*YOUR OBJECTIVE:* Would you restate the listing word for word, with the images omitted?

*STORED DATA:*
# # # #
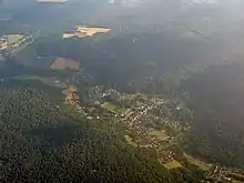 L'occupation des sols de la commune, telle qu'elle ressort de la base de données européenne d’occupation biophysique des sols Corine Land Cover (CLC), est marquée par l'importance des forêts et milieux semi-naturels (74,1 % en 2018), une proportion identique à celle de 1990 (74,1 %). La répartition détaillée en 2018 est la suivante : forêts (74,1 %), zones urbanisées (12,3 %), terres arables (6,1 %), prairies (4,6 %), zones agricoles hétérogènes (2,5 %), zones industrielles ou commerciales et réseaux de communication (0,5 %)[15]. L'évolution de l’occupation des sols de la commune et de ses infrastructures peut être observée sur les différentes représentations cartographiques du territoire : la carte de Cassini (XVIIIe siècle), la carte d'état-major (1820-1866) et les cartes ou photos aériennes de l'IGN pour la période actuelle (1950 à aujourd'hui)[Carte 1].
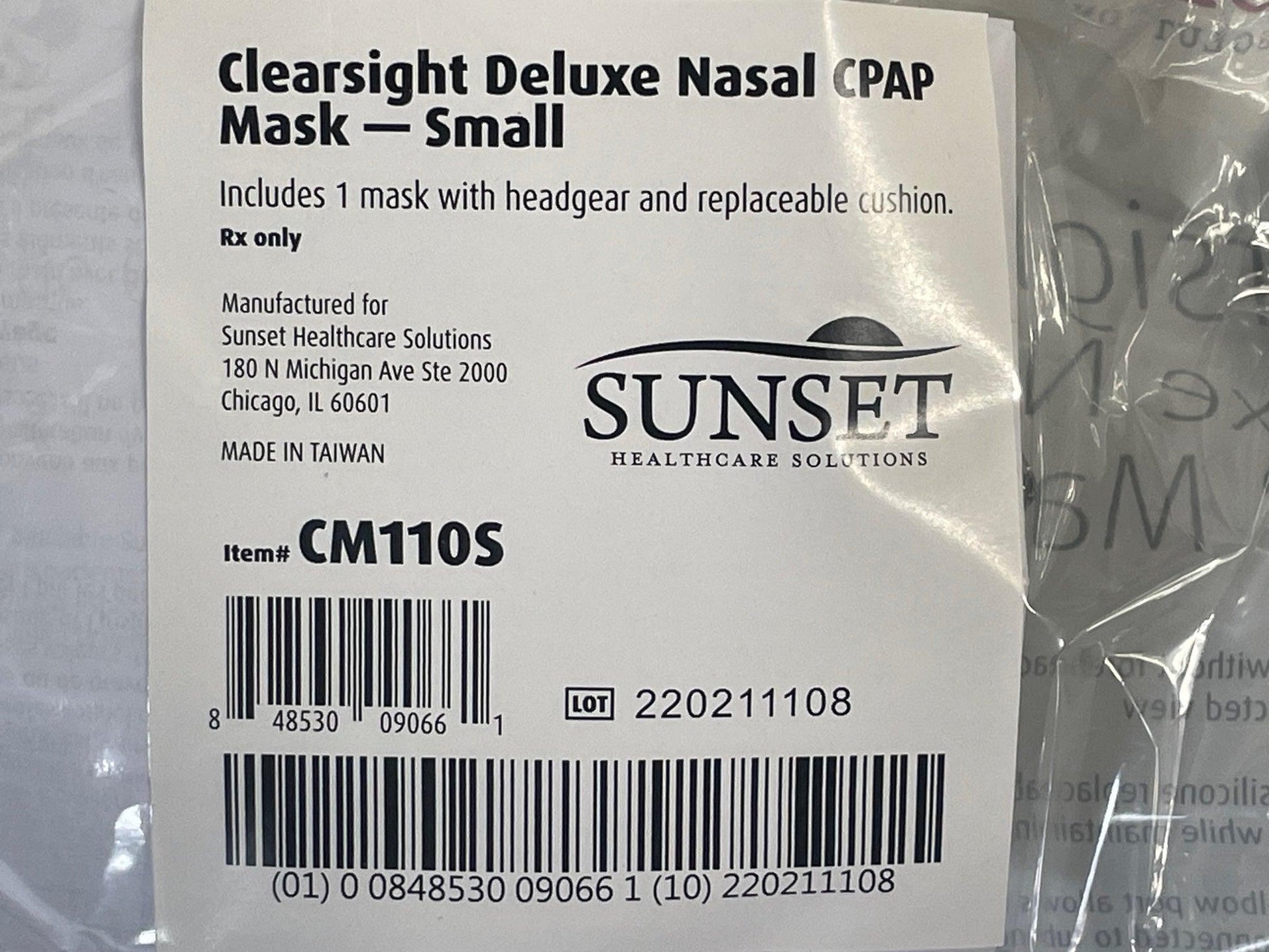 - NEW Small Sunset Healthcare Clearsight Deluxe CPAP Nasal Mask with Headgear and Removable Cushion Ref PN CM110S
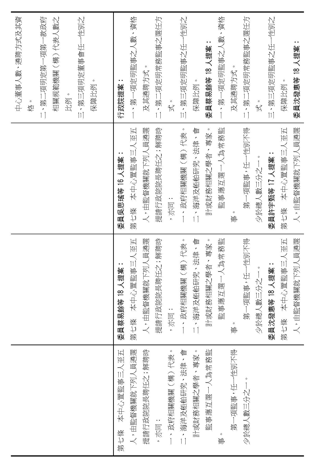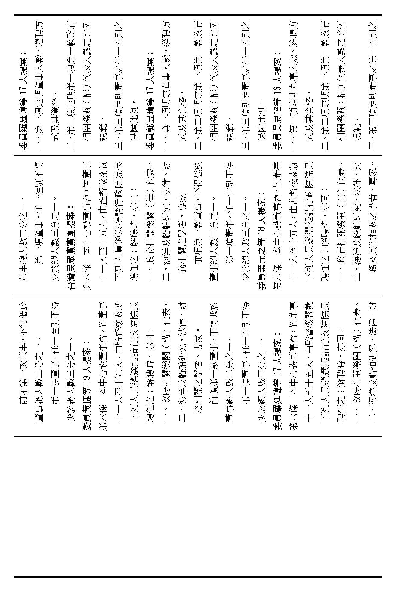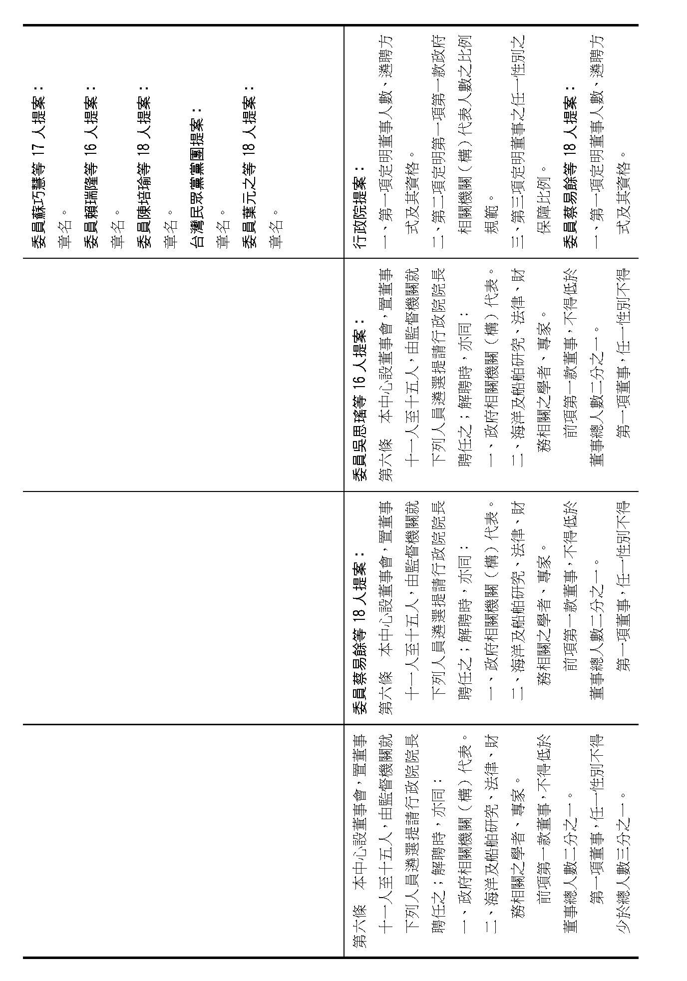 第六條是董事的人數、資格還有遴聘,我看提案也都相同,我們是不是按照行政院的提案通過?(是)第六條就按照行政院的提案通過。
# # # #
*ANSWER TO THE EXERCISE:*
 L'occupation des sols de la commune, telle qu'elle ressort de la base de données européenne d’occupation biophysique des sols Corine Land Cover (CLC), est marquée par l'importance des forêts et milieux semi-naturels (74,1 % en 2018), une proportion identique à celle de 1990 (74,1 %). La répartition détaillée en 2018 est la suivante : forêts (74,1 %), zones urbanisées (12,3 %), terres arables (6,1 %), prairies (4,6 %), zones agricoles hétérogènes (2,5 %), zones industrielles ou commerciales et réseaux de communication (0,5 %)[15]. L'évolution de l’occupation des sols de la commune et de ses infrastructures peut être observée sur les différentes représentations cartographiques du territoire : la carte de Cassini (XVIIIe siècle), la carte d'état-major (1820-1866) et les cartes ou photos aériennes de l'IGN pour la période actuelle (1950 à aujourd'hui)[Carte 1].
 - NEW Small Sunset Healthcare Clearsight Deluxe CPAP Nasal Mask with Headgear and Removable Cushion Ref PN CM110S
 第六條是董事的人數、資格還有遴聘,我看提案也都相同,我們是不是按照行政院的提案通過?(是)第六條就按照行政院的提案通過。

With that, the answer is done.